My parents, friends, like-minded liberals, and I thought Reagan was a war-monger, out for communist blood at every turn. He made the rich richer and the poor poorer. He was a crook; the televised Iran-Contra hearings made it plain. And he was a fascist above all, escalating the war on drugs to insane levels. If you had asked me to score Reagan when he left office back in ’89, on the scale I’m using throughout this president series, I would have thrown him no more than 3 out of 20 points each for the causes of peace, prosperity, and liberty — for a total grade of perhaps 9/60; a lousy president indeed. And that’s pretty much how Ivan Eland grades him in Recarving Rushmore: peace 2, prosperity 5, and liberty 3, for 10/60, which puts Reagan down in the presidential cellar at #35.
More recently, my opinions of Reagan have undergone something of a reassessment. Not only is he not as bad as I once thought, he ranks in the top half of my list. When this series is finally done, he will place at #18 (as an “average” president).
It’s hard to be objective about Reagan because he’s enshrined in so much myth — sort of like FDR. Roosevelt had been his hero before ’62 (when Reagan converted to Republicanism), and it showed in some of the ways he mimicked FDR, like with charismatic one-liners. “Mr. Gorbachev, tear down this wall!” became embedded in our ’80s conscious like Roosevelt’s, “There is nothing to fear but fear itself.” Like FDR, Reagan is venerated by fans and demonized by foes. I just gave you the demonic Reagan I believed in growing up.

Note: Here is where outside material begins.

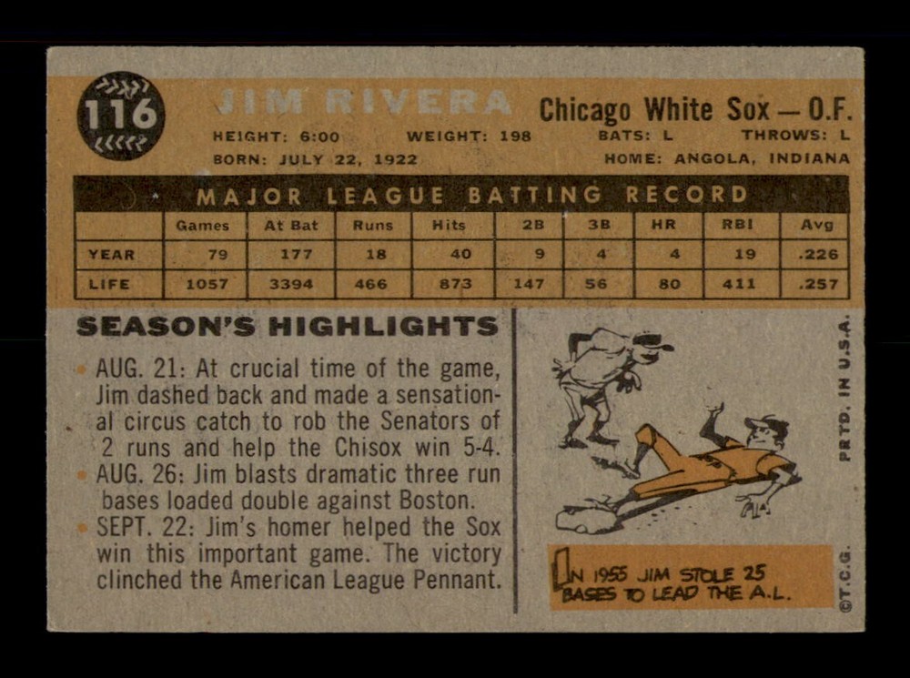 1960 Topps #116 Jim Rivera EX-MINT Baseball Card – OBGcards

I will assess the trio of Reagan myths, in their positive and negative spins, and try to get at what the “real Reagan” did for causes of peace, prosperity, and liberty.
1. Foreign Policy
The first myth, in its positive spin, is that Reagan won the Cold War. The counter myth, held by enemies, is that he was a war-monger. Neither is true.
(a) The Cold War
Like Carter before him, Reagan believed that Communism was an immoral system that crushed people’s liberties, and was bound to implode. He was right about this, and so it’s astonishing that he didn’t have the courage of his convictions to just let the Soviet empire to collapse on its own. Instead he reversed Nixon’s friendly detente policy with the Soviets (one of Nixon’s rare commendable foreign achievements) and raised the specter of nuclear war. Yet for all his strident anti-Soviet rhetoric, Reagan didn’t “win” the Cold War.
The Soviet Union collapsed because of its overextension and lousy economy. That economy had begun to weaken as early as the ’60s; by the ’80s the nation was practically a Third-World status. Communism is an inherently dysfunctional system because it gives no one any incentive to produce anything of value. The Soviet empire was bound to fail, no matter who was in charge, with or without an arms race like the one Reagan conducted. This was something Dwight Eisenhower understood: possessions, not weapons, would win the Cold War; communism not only made people poor, it kept them poor forever and ate its own tail. It’s a tragedy that presidents after Eisenhower didn’t just wait out the Soviet Union — to know that capitalism would triumph over communism without resorting to huge amounts of military spending in order to “contain” communism. Excessive military spending, in any case, undermines investment in the civilian economy which is critical to a healthy republic.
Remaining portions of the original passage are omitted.